Мама, напомню, что это – моя дача

— И продавать ее ты не имеешь права.

— А вот я возьму – и отзову ту дарственную. Скажу, что ты меня заставил ее подписать, тогда не так запоешь, — вдруг взбеленилась мать. – Либо добром продавай и нам деньги отдай, либо готовься к проблемам.

Раз по хорошему не понимаешь и от жадности совсем тронулся умом – будем по плохому.

— Мама, а тебе не кажется, что вот это вот – вообще ни разу не честно? – Арсений нахмурился, складывая руки на груди в защитном жесте. – За бабушкой присматривал в основном только я.

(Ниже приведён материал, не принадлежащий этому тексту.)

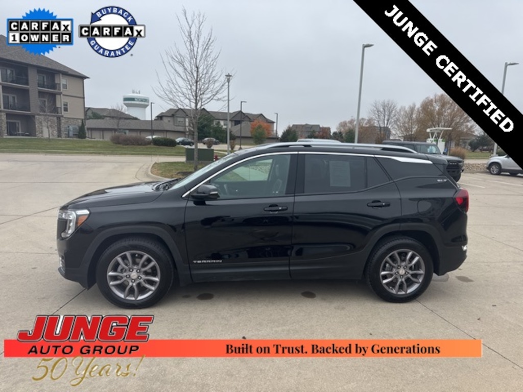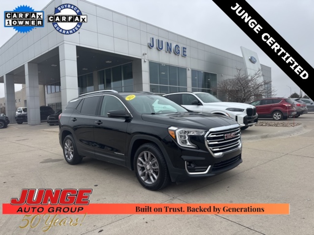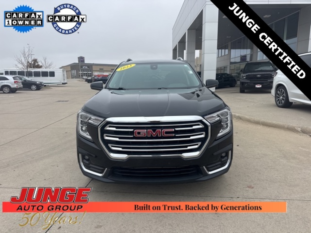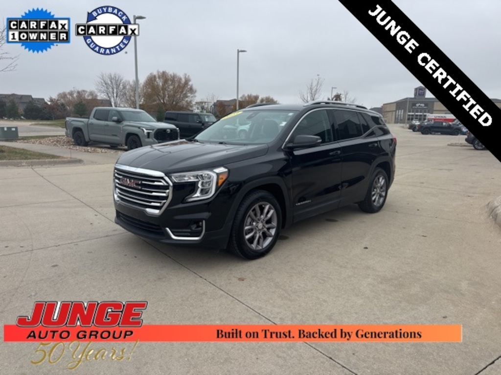 **LOCAL TRADE**, **JUNGE PRE-OWNED ADVANTAGE**, Junge Certification Certified, Adaptive Cruise Control, Floor Liner Package (LPO), Front & Rear All-Weather Floor Liners (LPO), Integrated Cargo Liner (LPO), Preferred Equipment Group 4SA, Rear Park Assist, Safety Alert Seat, Terrain Pro Safety Plus, 2 USB Data Ports, 2 USB Data Ports w/SD Card Reader, 3.47 Axle Ratio, 4-Wheel Disc Brakes, 6 Speakers, 6-Speaker Audio System Feature, 6-Way Power Front Passenger Seat, 8-Way Power Driver Seat Adjuster, ABS brakes, Air Conditioning, Alloy wheels, AM/FM radio: SiriusXM, Auto High-beam Headlights, Auto-dimming Rear-View mirror, Automatic temperature control, Bluetooth® For Phone, Brake assist, Bumpers: body-color, Compass, Delay-off headlights, Driver & Front Passenger Heated Seats, Driver door bin, Driver vanity mirror, Dual front impact airbags, Dual front side impact airbags, Electronic Stability Control, Emergency communication system: OnStar and GMC connected services capable, Four wheel independent suspension, Front anti-roll bar, Front Bucket Seats, Front Center Armrest, Front dual zone A/C, Front fog lights, Front Passenger 2-Way Power Lumbar, Front reading lights, Fully automatic headlights, Garage door transmitter, Heated door mirrors, Heated front seats, Heated steering wheel, Illuminated entry, Low tire pressure warning, Memory seat, Occupant sensing airbag, Outside temperature display, Overhead airbag, Overhead console, Panic alarm, Passenger door bin, Passenger vanity mirror, Perforated Leather-Appointed Seat Trim, Power door mirrors, Power Driver Lumbar Control, Power driver seat, Power Liftgate, Power passenger seat, Power steering, Power windows, Radio data system, Radio: GMC Infotainment Audio System w/8" Display, Rear anti-roll bar, Rear seat center armrest, Rear window defroster, Rear window wiper, Remote keyless entry, Roof rack: rails only, Security system, SiriusXM Radio, Speed control, Speed-sensing steering, Split folding rear seat, Spoiler, Steering wheel mounted audio controls, Tachometer, Telescoping steering wheel, Tilt steering wheel, Traction control, Trip computer, Turn signal indicator mirrors, Variably intermittent wipers, Wheels: 18" x 7" Silver Painted Aluminum, Wireless Apple CarPlay/Wireless Android Auto, Adaptive Cruise Control, Floor Liner Package (LPO), Front & Rear All-Weather Floor Liners (LPO), Integrated Cargo Liner (LPO), Preferred Equipment Group 4SA, Rear Park Assist, Safety Alert Seat, Terrain Pro Safety Plus.

Продукты ей возил я, уборку в ее доме тоже делал я. По врачам, по друзьям… Да даже похороны по большей части из моего кармана оплачены.

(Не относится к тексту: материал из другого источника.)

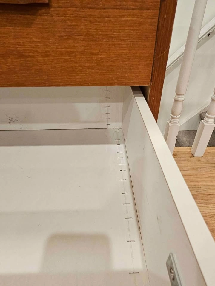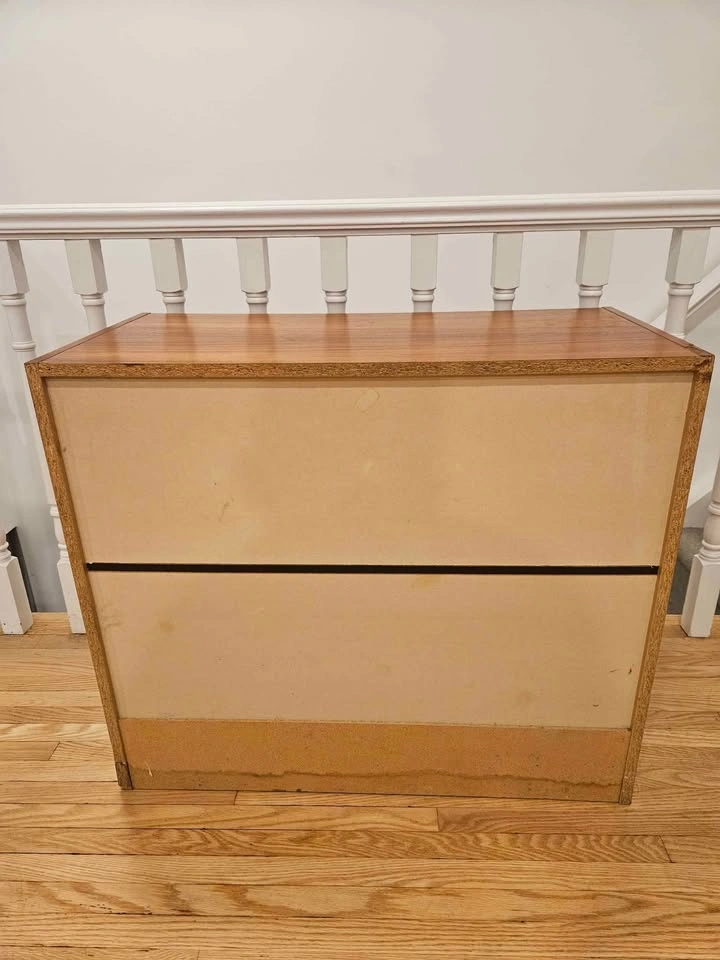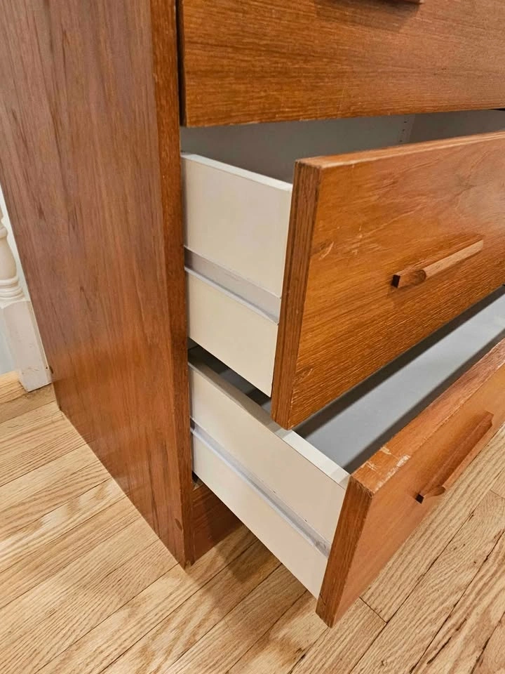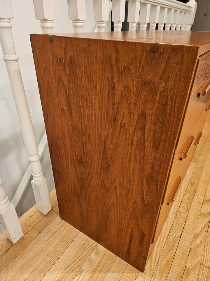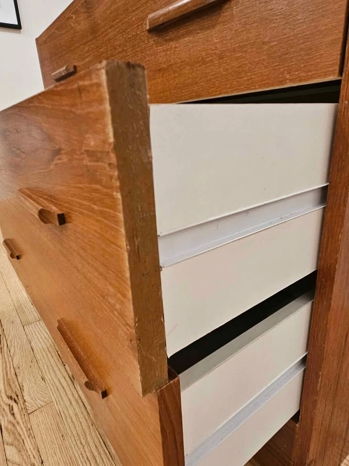 Teak veneer on particle board. Shows some sign of wear - missing edge banding on side of one drawer and the top back edge (see second last photo). One drawer was reinforced (see last photo).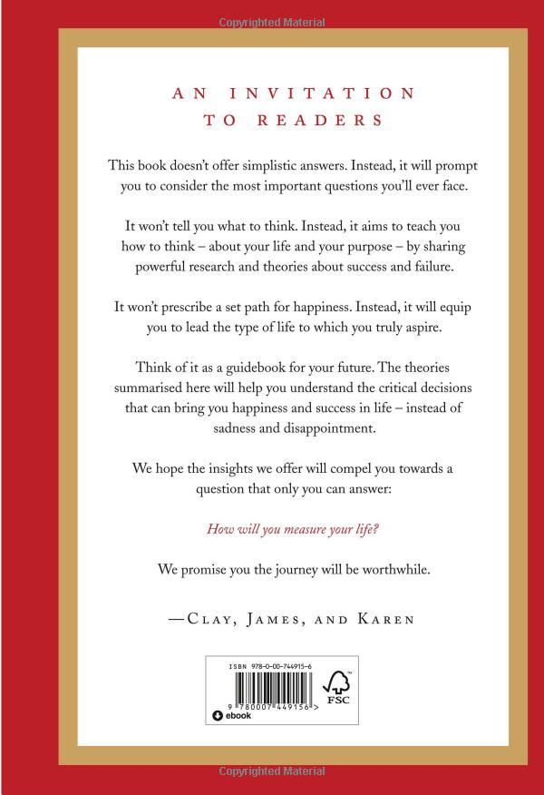 How Will You Measure Your Life? is full of inspiration and wisdom, and will help students, midcareer professionals, and parents alike forge their own paths to fulfillment.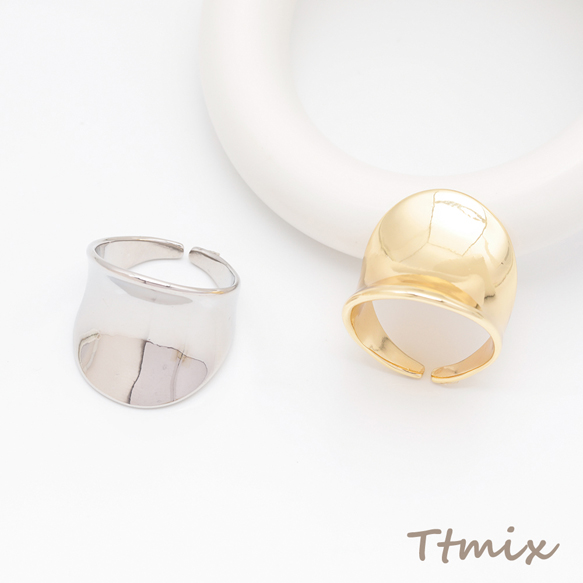 ファッションリング 指輪 ワイドリング 幅広リング カーブリング サイズ調整可 内径約17.7mm(幅約21mm)(1個)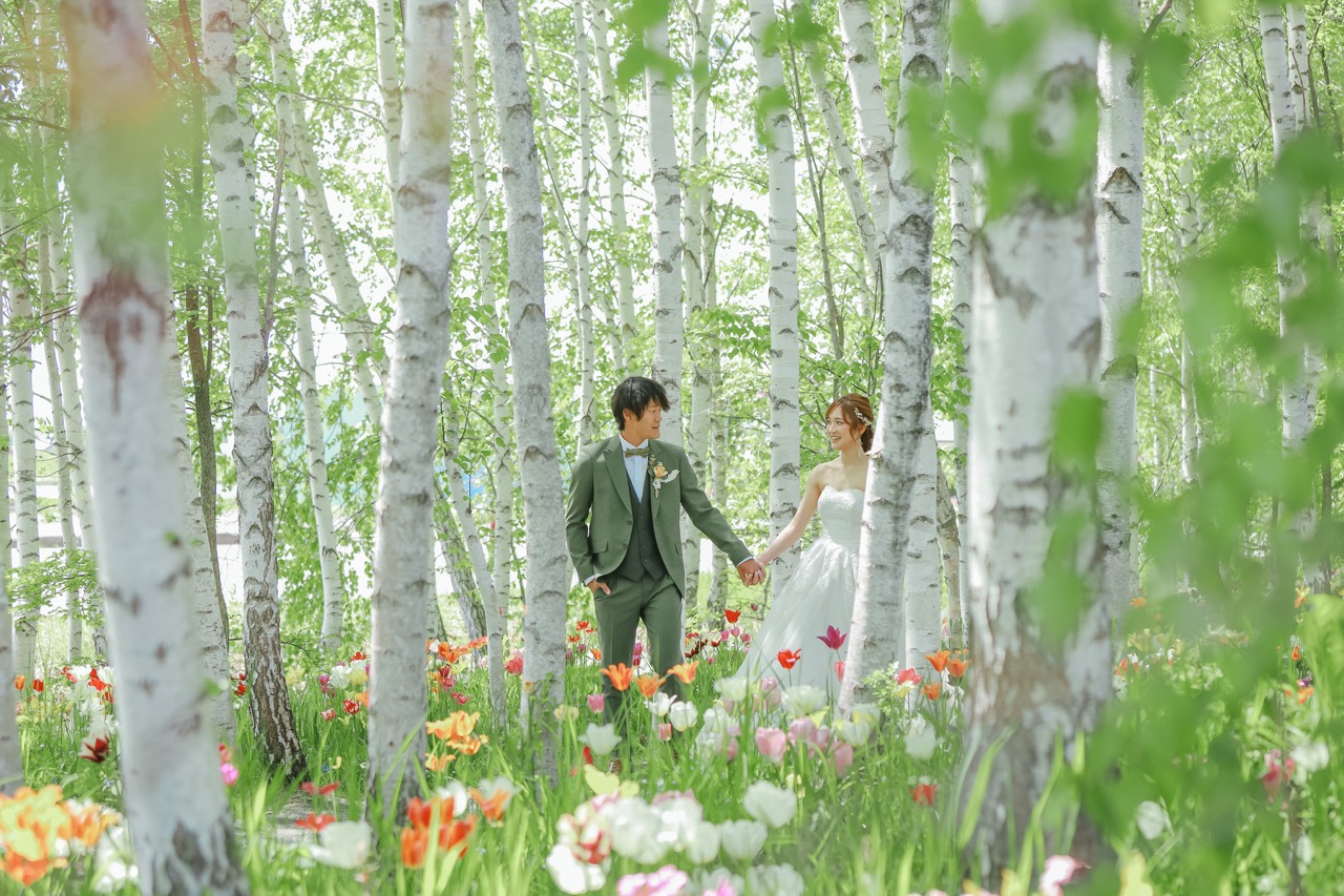 特にチューリップやムスカリなどの球根植物が一斉に顔を出すユニークな撮影ポイントは、生命の喜びを感じさせます。まだ観光客が少ない静かな時期は、お二人だけの特別な空間でのブライダルフォトを叶えます。
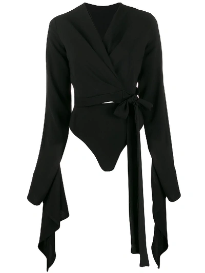 Long-sleeve Wrap Bodysuit In Black

— Это ты сейчас нас с Настей деньгами своими попрекаешь? Ох, ну конечно, Сенечка, прости – не все зашибают миллионы, сидя одним местом на стуле в теплом офисе.

Кто-то, знаешь ли, работает на работах попроще, да еще и двух детей кормит-поит. Не о Насте, так о них хотя бы подумай! Племянники твои, между прочим.

— У этих племянников есть мать и отец. И именно они должны думать о своих детях, раз уж удосужились заняться незащищенным кексом.

— А ты в мой кекс не лезь, — тут же вступила в перепалку Настя. – И не указывай, кому, когда и как им заниматься. Тоже мне, полиция нравов нашлась.

Тебе просто ни одна нормальная ба..ба не дает и детей от тебя не хочет, вот ты и бесишься, что у меня их двое уже.

— Бешусь я, потому что ни с того, ни с сего, выясняется, что все наследство я почему-то должен отдать тебе ни с бухты, ни с барахты.

Ладно, бабушка завещания не оставила, но ты, мам, могла бы и вспомнить, что у тебя, вообще-то, два ребенка.

И если уж делить, то делить поровну. Хотя, как по мне, Настькиной доли там вообще быть не должно: по-честному будет все отдать тому, кто за бабушкой ухаживал.

— По-честному?! Это где же это у нас такая честность, что у одного к тридцати годам квартира есть, а сестричка с двумя детьми у матери ютится?!

— Я на эту квартиру сам заработал! Пахал, начиная с универа, в две смены, без выходных и праздничных дней, пока твоя любимая Настя только хвостом перед мужиками крутила.

Вот и докрутилась, что двоих детей прижила и даже не знает, кто отец!

— Э, слышь, ты к детям вообще не лезь к моим!

— А ты их везде не впаривай, как козырную карту, по которой тебе все должно оставаться.

— Между прочим, в отличие от тебя, я на «все» и не претендую! Мама правильно рассудила! Мне – квартира, а тебе пусть дача будет.

— Отличное решение! Квартира два ляма стоит, а дача тай боже чтобы на триста тысяч со всеми досками зашла…

— Не все меряется деньгами, сынок, — укоризненно вздохнув, мать покачала головой. – Ну вот сам подумай, как я должна родную дочь на улице оставить?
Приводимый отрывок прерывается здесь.